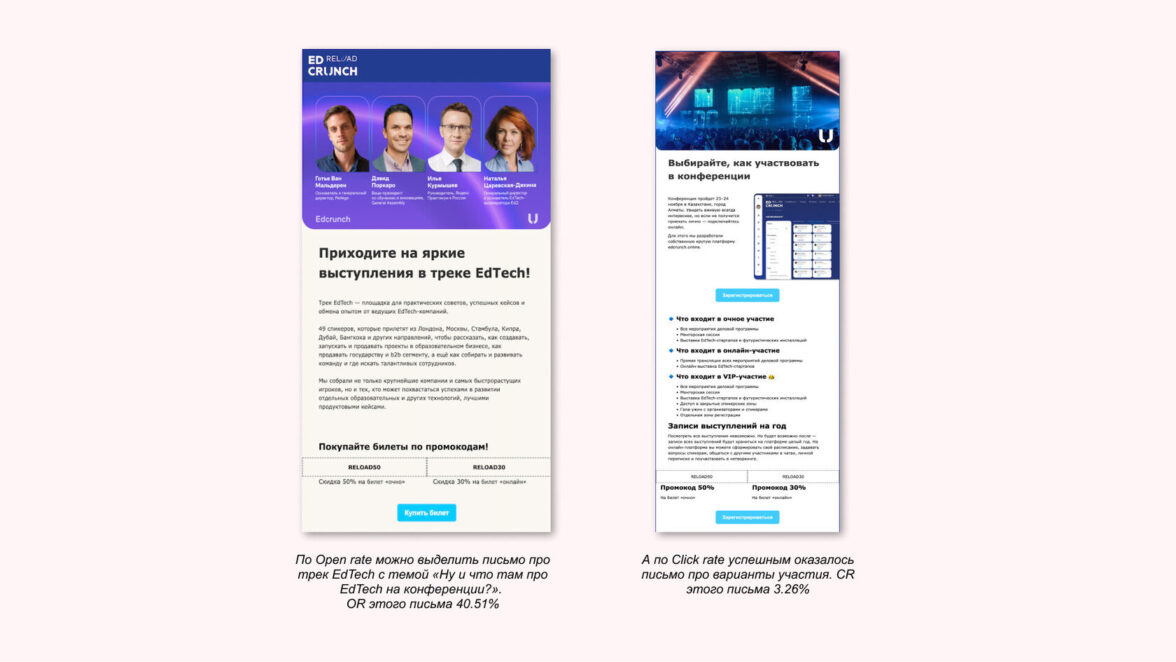С помощью сегментирования мы охватили всю целевую аудиторию. У нас появились идеи о контенте на первое время. А ещё мы создавали видеоинструкции о том, как купить билет и писали посты о технических моментах. Например, как поучаствовать в конференции бесплатно или в чём разница онлайн и офлайн-участия.
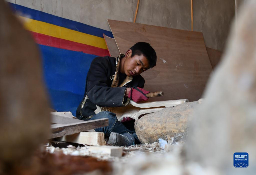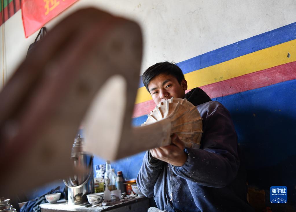 索朗瓊拉的大兒子在制作扎念琴(1月19日攝)。新華社記者 晉美多吉 攝
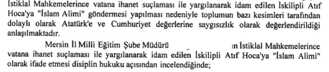 “Mersin İl Milli Eğitim Şube Müdürü E. Yıldız’ın şahsi twitter hesabından yaptığı paylaşım incelendiğinde; Gazi Mustafa Kemal Atatürk’ün kendisine veya şahsiyetine doğrudan bir hakaret veya eleştiri yapılmadığı, ancak paylaşımın içerisinde geçen İstiklal Mahkemelerince vatana ihanet suçlamasıyla idam edilen İskilipli Atıf Hoca’ya “İslam Alimi” göndermesi yapılması nedeniyle toplumun bazı kesimleri tarafından dolaylı olarak Atatürk’e ve Cumhuriyet değerlerine saygısızlık olarak değerlendirildiği anlaşılmaktadır.

* _EXERCISE GOAL_
Would you reproduce the lines above exactly, without carrying over the pictures?

* _EXERCISE SOLUTION_
С помощью сегментирования мы охватили всю целевую аудиторию. У нас появились идеи о контенте на первое время. А ещё мы создавали видеоинструкции о том, как купить билет и писали посты о технических моментах. Например, как поучаствовать в конференции бесплатно или в чём разница онлайн и офлайн-участия.
 索朗瓊拉的大兒子在制作扎念琴(1月19日攝)。新華社記者 晉美多吉 攝
 “Mersin İl Milli Eğitim Şube Müdürü E. Yıldız’ın şahsi twitter hesabından yaptığı paylaşım incelendiğinde; Gazi Mustafa Kemal Atatürk’ün kendisine veya şahsiyetine doğrudan bir hakaret veya eleştiri yapılmadığı, ancak paylaşımın içerisinde geçen İstiklal Mahkemelerince vatana ihanet suçlamasıyla idam edilen İskilipli Atıf Hoca’ya “İslam Alimi” göndermesi yapılması nedeniyle toplumun bazı kesimleri tarafından dolaylı olarak Atatürk’e ve Cumhuriyet değerlerine saygısızlık olarak değerlendirildiği anlaşılmaktadır.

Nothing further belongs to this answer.